Stock Market Reactions to Political Events
May 10, 2012
It is widely accepted that certain businesses and specific sectors of the economy outwardly support one political party or the other. Presumably, this is because that line of work is expected to thrive particularly under a Democratic or Republican administration, says Jeff Milyo of the Mercatus Center.
Stock market event studies allow for a close analysis of this phenomenon: sudden changes in prices that occur simultaneously with largely unexpected political occurrences can reflect changing perceptions regarding a publicly traded corporation's outlook under a given political climate.

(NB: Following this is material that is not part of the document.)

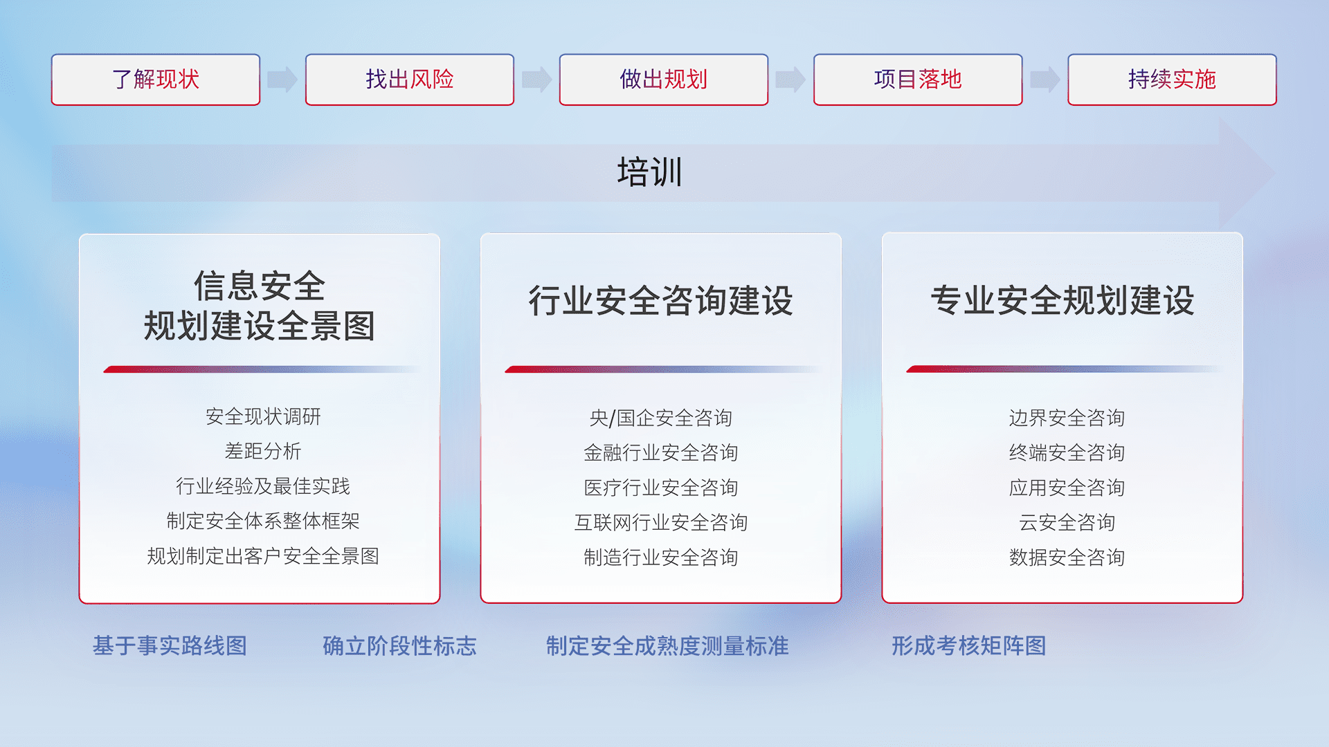 针对客户行业特性,,以专业的安全服务+多厂商联合解决方案提供专属的一站式安全管理服务,,,帮助客户全面感知网络空间威胁,,基于识别、、检测、、分析、、、、防护、、监测、、、响应的服务理论模型,,,从方案咨询、、集成交付、、评估验证、、、优化加固、、运维运营,,致力于为客户提供完整的闭环管理式安全服务。。以实战经验为客户打造高抵御风险的安全体系,,帮助客户发现威胁、、、对抗威胁、、处置威胁,,,不断积累安全对抗能力,,持续保障数字化安全。。。

Brian Knight at Brown University exploits the uncertainty in the lead-up to the 2000 election to capture this effect. Because the race was so hotly contended and its outcome so uncertain, the sudden changes in the stock prices of certain industries can be tracked with great accuracy.
- Knight constructed portfolios of "Bush-firms" (n=41) and "Gore-firms" (n=29) based on public pronouncements made by several financial analysts offering advice about which firms and industries would be most affected by the election.
- Knight then used betting odds from the Iowa Electronic Market as a comprehensive daily tracking poll, as it was expected that this metric would incorporate the most immediately available information regarding the likely electoral outcome.
- Overall, the Bush portfolio of firms was worth 3 percent more after the election and the Gore portfolio about 6 percent less.
- Thus, the implied value of Bush's victory was equivalent to a transfer of over $100 billion in market capitalization from the firms in the Gore portfolio to those in the Bush portfolio.
Interestingly, Knight also identifies a positive correlation between corporations' soft money political donations and these excess stock market returns. That is to say, if a given firm stood to benefit from one candidate's victory (presumably any of the 41 or 29 firms mentioned above), it was also likely that they had donated to that candidate's campaign.
This correlation raises important questions about corruption in federal elections and the presence of a quid pro quo relationship. This is especially true because of the unleashing of corporate dollars for the upcoming election made possible by the invention of Super PACs.